Everyday Lions Blog




On Sunday I laced up for my first half marathon race in more than two years, It’s usually a distance I don’t race that often and when I do I have always chosen other destinations to race one. This would be my first half marathon race in Tasmania. I had two goals and that was to break 70 minutes ( 3.19 pace) and still run a 150km plus week. I wanted to race off tired legs and not interrupt my mileage I had been able to build the last two months. This has proven to be a strong model for me and I had always been able to get fitter through the consistency of bigger mileage.

Going into the race I had been able to get some confidence from a few sessions I had done in interval training the last few years that suggested I would go close to 70 minutes. I had in my head and was aware that it was going to be solo time trial and that I would be basically running more than half way before seeing other runners who started ahead of me being a handicap style of racing and you know you just have to keep passing people if you are the back marker.

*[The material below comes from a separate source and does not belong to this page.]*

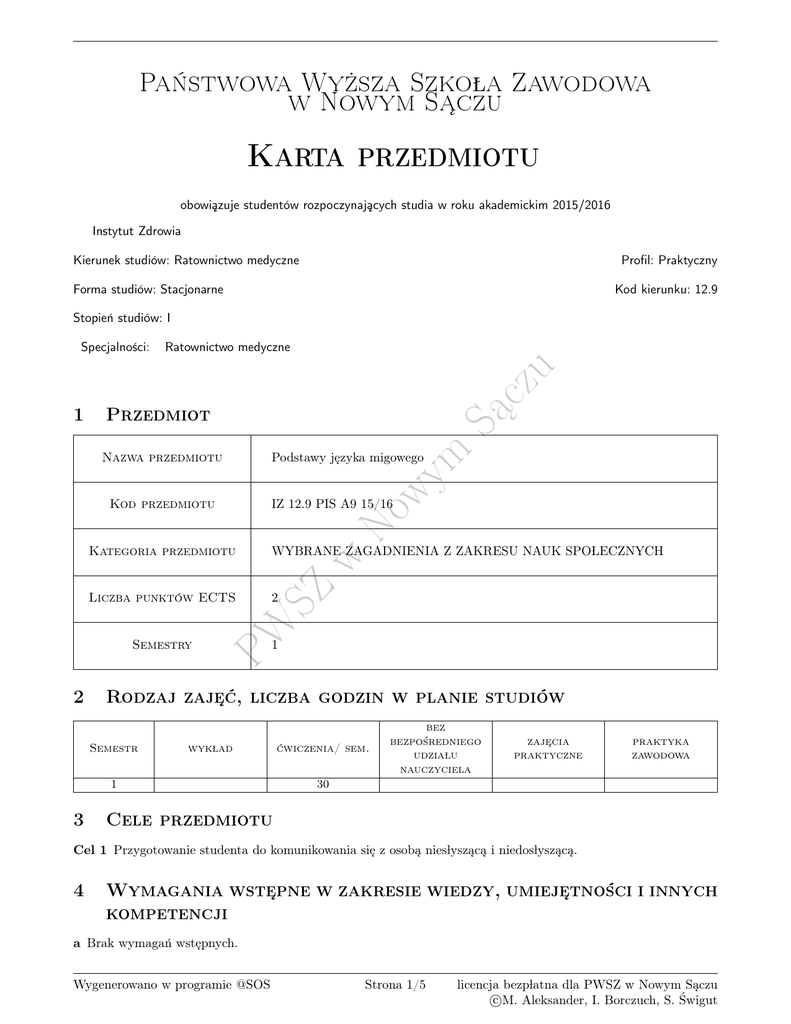Państwowa Wyższa Szkola Zawodowa w Nowym Sa˛czu Karta przedmiotu obowia˛zuje studentów rozpoczynaja˛cych studia w roku akademickim 2015/2016 Instytut Zdrowia Kierunek studiów: Ratownictwo medyczne Profil: Praktyczny Forma studiów: Stacjonarne Kod kierunku: 12.9 Stopień studiów: I IZ 12.9 PIS A9 15/16 Kategoria przedmiotu WYBRANE ZAGADNIENIA Z ZAKRESU NAUK SPOLECZNYCH Liczba punktów ECTS SZ Kod przedmiotu 2 PW Semestry 2 Podstawy je˛zyka migowego No wy Nazwa przedmiotu m Przedmiot w 1 Ratownictwo medyczne Sa˛ cz u Specjalności: 1 Rodzaj zaje˛ć, liczba godzin w planie studiów Semestr wyklad 1 3 ćwiczenia/ sem. bez bezpośredniego udzialu nauczyciela zaje˛cia praktyczne praktyka zawodowa 30 Cele przedmiotu Cel 1 Przygotowanie studenta do komunikowania sie˛ z osoba˛ nieslysza˛ca˛ i niedoslysza˛ca˛. 4 Wymagania wste˛pne w zakresie wiedzy, umieje˛tności i innych kompetencji a Brak wymagań wste˛pnych. Wygenerowano w programie @SOS Strona 1/5 licencja bezplatna dla PWSZ w Nowym Sa˛czu c M. Aleksander, I. Borczuch, S. Świgut Państwowa Wyższa Szkola Zawodowa w Nowym Sa˛czu Efekty ksztalcenia 5 EK1 Wiedza: Zna podstawowe poje˛cia i terminologie˛ z zakresu inwalidztwa narza˛du mowy. EK2 Wiedza: Posiada podstawowa˛ wiedze˛ dotycza˛ca˛ budowy i funkcji aparatu mowy. EK3 Umieje˛tności: Posluguje sie˛ znakami poje˛ciowymi je˛zyka migowego w systemie je˛zykowo - migowym w zakresie przekazywania i odbioru. EK4 Kompetencje spoleczne: Upowszechnia idee integracji spolecznej i niesienia pomocy osobom niepelnosprawnym. Treści programowe C2 C3 C4 Liczba godzin 4 6 5 5 10 30 7 PW SZ w C5 Sa˛ cz u C1 m Lp ćwiczenia/sem. Tematyka zaje˛ć Opis szczególowy bloków tematycznych Zagadnienia rehabilitacji nieslysza˛cych. Problematyka inwalidztwa. Przyczyny i konsekwencje gluchoty. Wplyw gluchoty na mowe˛. Zawodowe i spoleczne konsekwencje gluchoty. Środki porozumiewania sie˛ nieslysza˛cych i z nieslysza˛cymi mowa, pismo, fonogesty, alfabet palcowy, gestykulacja, je˛zyk migowy. Teorie daktylografii. Prawidla przekazywania palcowego. Alfabet palcowy a mowa. Znaki i zasady uzupelniaja˛ce daktylografie˛ Usprawnianie palców i nadgarstków. Przekazywanie i odbiór znaków liter. Przekazywanie znaków określaja˛cych liczby. Ideologia, ideografia. Zasady systemu je˛zyka migowego. Zasady systemu je˛zykowo migowego i przekazu uproszczonego w tym systemie. Slownictwo podstawowe i specjalistyczne. Poslugiwanie sie˛ slownikiem ilustrowanym, gestogramami. Odczytywanie przekazów gestograficznych . 10 Razem No wy 6 Metody dydaktyczne M1 Praca w grupach M2 Praca z podre˛cznikiem M3 Konsultacje Wygenerowano w programie @SOS Strona 2/5 licencja bezplatna dla PWSZ w Nowym Sa˛czu c M. Aleksander, I. Borczuch, S. Świgut Państwowa Wyższa Szkola Zawodowa w Nowym Sa˛czu 8 Obcia˛żenie praca˛ studenta Średnia liczba godzin na zrealizowanie aktywności Forma aktywności 9 Sa˛ cz u Godziny kontaktowe z nauczycielem akademickim, w tym: Godziny wynikaja˛ce z planu studiów 30 Konsultacje przedmiotowe 0 Egzaminy i zaliczenia w sesji 0 Godziny bez udzialu nauczyciela akademickiego wynikaja˛ce z nakladu pracy studenta, w tym: Przygotowanie sie˛ do zaje˛ć, w tym studiowanie zalecanej literatury 20 Opracowanie wyników 0 Przygotowanie raportu, projektu, prezentacji, dyskusji 0 Sumaryczna liczba godzin dla przedmiotu wynikaja˛ca z 50 calego nakladu pracy studenta Sumaryczna liczba punktów ECTS dla przedmiotu 2 Sposoby oceny Ocena formuja˛ca m F1 Zaliczenie pisemne No wy F2 Aktywność na zaje˛ciach F3 Ćwiczenie praktyczne w F4 Obserwacja SZ Kryteria oceny Efekt ksztalcenia 1 Na ocene˛ 5 Na ocene˛ 3 Na ocene˛ 4 Na ocene˛ 5 PW Na ocene˛ 3 Na ocene˛ 4 Miejsce weryfikacji Z pomoca˛ nauczyciela posluguje sie˛ podstawowymi poje˛ciami i terminologia˛ z zakresu inwalidztwa narza˛du mowy. Posluguje sie˛ podstawowymi poje˛ciami i terminologia˛ z zakresu inwalidztwa narza˛du mowy, z niewielka˛ pomoca˛ nauczyciela. Samodzielnie posluguje sie˛ podstawowymi poje˛ciami i terminologia˛ z zakresu inwalidztwa narza˛du mowy. Efekt ksztalcenia 2 Omawia budowe˛ i funkcje˛ aparatu mowy z pomoca˛ nauczyciela. ćwiczenia/ sem. Miejsce weryfikacji ćwiczenia/ sem. Opis weryfikacji EK 1 Aktywność na zaje˛ciach, zaliczenie pisemne. Opis weryfikacji EK 2 Aktywność na zaje˛ciach, zaliczenie pisemne. Omawia budowe˛ i funkcje˛ aparatu mowy z niewielka˛ pomoca˛ nauczyciela. Samodzielnie omawia budowe˛ i funkcje˛ aparatu mowy. Wygenerowano w programie @SOS Strona 3/5 licencja bezplatna dla PWSZ w Nowym Sa˛czu c M. Aleksander, I. Borczuch, S. Świgut Państwowa Wyższa Szkola Zawodowa w Nowym Sa˛czu Efekt ksztalcenia 3 Na ocene˛ 3 Na ocene˛ 4 Opis weryfikacji EK 4 Aktywność na zaje˛ciach, obserwacja. ćwiczenia/ sem. w Na ocene˛ 5 Rozumie potrzebe˛ upowszechniania idei integracji spolecznej i niesienia pomocy osobom niepelnosprawnym po ukierunkowaniu przez nauczyciela. Rozumie potrzebe˛ upowszechniania idei integracji spolecznej i niesienia pomocy osobom niepelnosprawnym po niewielkim ukierunkowaniu przez nauczyciela. Samodzielnie upowszechnia idee integracji spolecznej i niesienia pomocy osobom niepelnosprawnym. Miejsce weryfikacji Sa˛ cz u Na ocene˛ 5 Aktywność na zaje˛ciach, zaliczenie pisemne, ćwiczenie praktyczne. ćwiczenia/ sem. m Na ocene˛ 4 Posluguje sie˛ znakami poje˛ciowymi je˛zyka migowego w systemie je˛zykowo - migowym w zakresie przekazywania i odbioru z pomoca˛ nauczyciela. Posluguje sie˛ znakami poje˛ciowymi je˛zyka migowego w systemie je˛zykowo - migowym w zakresie przekazywania i odbioru z niewielka˛ pomoca˛ nauczyciela. Biegle posluguje sie˛ znakami poje˛ciowymi je˛zyka migowego w systemie je˛zykowo - migowym w zakresie przekazywania i odbioru. Efekt ksztalcenia 4 Opis weryfikacji EK 3 No wy Na ocene˛ 3 Miejsce weryfikacji SZ Ocena do indeksu (ocena podsumowuja˛ca) PW Średnia arytmetyczna ocen z wszystkich efek

The morning of the race we were greeted with pretty well perfect race conditions , only a slight northerly across the body on the way out and way back. I was given the handicap of 71 minutes and change. My closest runner to me was Bryan Tuit ( training partner) who started 3 minutes and 30 seconds ahead of me and then another training partner Brad Taylor who was a further minute a head of him. The course would run from Turners beach following the coast line for 10.5 km to Ulverstone basketball stadium and return. It was ran on a walking track I had trained on a lot over the years and I knew it well.

The gun fired and runners were made to do a loop of the oval before doing a another mini loop of turners beach streets and then on to the walking track for 9km. I had the idea I would feel comfortable at 3.19 pace and this shouldn’t hurt me too much early. I looked down at my watch and I had hit the first km in 3.14 which felt pretty easy , once I had settled into my rhythm I was consistently hitting each km in 3:18 to 19. I passed through 5km in 16.35 feeling great but still working hard. I still knew the next 5km would either make or break my result but also knowing it was some of the fastest parts of the course where we would run on ash felt and smoother surfaces.

It was at the 6km mark on the way out where the first front marker was making her return home and I still had 15km more to race. It’s a daunting feeling but to be honest I didn’t care too much for the placing I just wanted a solid hit out to see where my form was. It was at kilometres 8 to 11km where the other runners who started ahead of me in the handicaps had already turned and were making their way home. I had a quick glance down at my watch which read 33.10 10km which was bang on target for a sub 70 minutes half marathon. I made my way around the turning point feeling pretty good as I knew I was closing in on runners up ahead. The first runner I passed was just before 12km, but there was still a no mans land gap until reaching more athletes at 13 to 15km.

For some reason I had some of my worse km splits in this period of just over 10 minutes and looking back this was where it cost me late. I had slowed down to 3.22 to 3.25km rate and thought I was in trouble. Luckily I was able to get back on track once we were out of the wind and being spurred on by knowing it was evident I was catching other runners up ahead. My third 5km split was my slowest of the race and ran in 16.50 pace.

It was at this stage of the race was where I would over taken maybe 20 runners in a period of 3km and for the first time it was great to actually feel like I was in a race instead of a time trial. At the 18km mark was where I had regained my momentum and wasn’t fading as much as the previous 5km split. This is where I would gain on Training partner Brad Taylor and he was moving faster than most other runners and my pace and cadence had picked up just to close the gap and pass him. I was now back in the township of Turners beach where my watch was suggesting I would just miss sub 70 minutes. but still on target for running a 70 low time if i was able to pick up the last mile faster.

According to Strava my next 5km would be 16.46 and I passed through 20km in 66.46 ( 33.23 10km pace). I made the final charge the last km grunting and grimacing my way into top ten after being the last runner to start out of a field of 44. I rounded up another two runners on the oval and was in 8th place and ths would be same position I would finish at the end of the race.

I looked down at my watch and it read 70:16, I was still very happy and it ended up being the fastest half marathon time I had ran in this type of race. It wasn’t enough for a place or even top 5, but was the fastest run of the day and some 3 minute and 50 seconds behind the winner.

The main thing is I had been able to have a mentally hard time trial hit out and still hit 3.20 pace off a bigger week of training. 11 weeks out from Auckland marathon and I am feeling really motivated to build on this consistency. To be honest I don’t know what time as yet will be my goal for the marathon but if
trust the process of “specific marathon training” I am confident I will be rewarded with a personal best.